満足げに笑う男から追加の報酬を受け取った。金を手にしたユイの顔に、笑みはない。
†
送迎車から降りたユイは、小雨を一身に受けながら、「Aquarius」へ向かう。店に入れば、スタッフも慣れた手つきで席に案内した。
この日、律の出迎えはない。
天気が悪い上に平日のはずなのに、前回訪れたときと同様大忙しだ。レオがヘルプについて、いつもどおり、水を入れたグラスを用意する。
小雨に濡れているユイは、いつも以上に影のある顔でうつむいていた。眼はうつろで、口を開こうとしない。グラスに手を付けることもなかった。
そのあまりにも鬱屈とした空気に、レオは声をかけることもうかつにできない。
「これ、シャンパン?」
ユイはテーブルの端に手を伸ばし、メニューブックをつかんだ。
「え? あ、はい」
開いてみれば、そこには頼めるシャンパンの種類がずらりと並んでいる。リアが言っていたアルマンドやエンジェルシリーズも書いてあった。
「だめ……」
今のユイにはまったく手が出せない値段だ。今日稼いだ額がすぐに消えてしまう。
しかし今後、同じようなことをしていつもの倍以上稼げるのなら――。
ユイの視線が、別のシャンパンのシリーズへと向かう。一桁万円のシャンパンなら、なんとか出せそうだ。
ヘルプのレオに顔を向けたと同時に、律の声が放たれた。
「あれ? 何してんの、ユイさん」
律に気づいたレオが、さっと立ち上がり、律と交代する。ユイの隣に腰を下ろす律は、メニューを取り上げた。
「どうせレオがすすめたんでしょ? ほんと勝手なことして~」
テーブルにメニューを放る律に、ユイは首を振る。
「ううん。今日は、いつもよりお金、もらえたから、ちょっと見てみようかなって。でも、やっぱりこういうところで頼むと高いんだね。
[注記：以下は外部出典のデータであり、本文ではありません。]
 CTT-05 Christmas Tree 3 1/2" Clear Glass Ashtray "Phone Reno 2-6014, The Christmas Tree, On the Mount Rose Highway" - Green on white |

びっくりしちゃった」
律はいつものようにきれいな笑みを浮かべていたが、返す声はいつもより真剣だ。
「稼いだお金は、お子さんのために使ってあげて。お子さんのために、がんばって稼いでるんでしょ?」
そのとおりだと我に返る一方で、律に突き放された気分になる。
「……そう、だね」
精一杯の笑みを浮かべるその裏で、自己嫌悪。罪悪感とむなしさが、頭の中でごちゃごちゃになっている。
「どうしたの、ユイさん。……なにか、あった?」
優しい律の声が、ますますユイの後悔を駆り立てた。
ようやく、思い知る。自分は、律にも話せないようことをしでかしたのだということを。
プロ意識の高い律は、決して汚れたユイを許してはくれない。
「ごめんね。ずっと、戻ってこれなくて。つらいことがあるならアプリでも……いや、直接話したいことがあるからこうやって来てくれるんだよね」
我慢しようとしていた涙が、零れ落ちる。感情を抑えられなくなるほどには、限界だった。涙をぬぐうユイの姿を、律は神妙な顔で見すえる。その背中に手を添えながら、ブランドのロゴが入るハンカチを差し出した。
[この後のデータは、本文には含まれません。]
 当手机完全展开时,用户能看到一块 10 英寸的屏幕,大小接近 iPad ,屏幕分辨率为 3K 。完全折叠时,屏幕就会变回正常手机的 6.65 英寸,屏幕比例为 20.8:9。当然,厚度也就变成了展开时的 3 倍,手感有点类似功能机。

ユイは受け取らず、首を振る。それでも律は、優しく涙を拭きとっていく。
「大丈夫だよ、ユイさん。今日はもう、最後まで一緒にいるからね」
律の優しさが痛くて、ユイの心はますます苦しくなっていく。
結局、最後の最後まで、なにがあったのか話すことはできなかった。どうしても話せなかった。
こんな自分でも、律に失望されたくない。水しか飲まない陳腐な客だと自覚しているからこそ、底辺のごみを見るような目で見られると思うと耐えられなかった。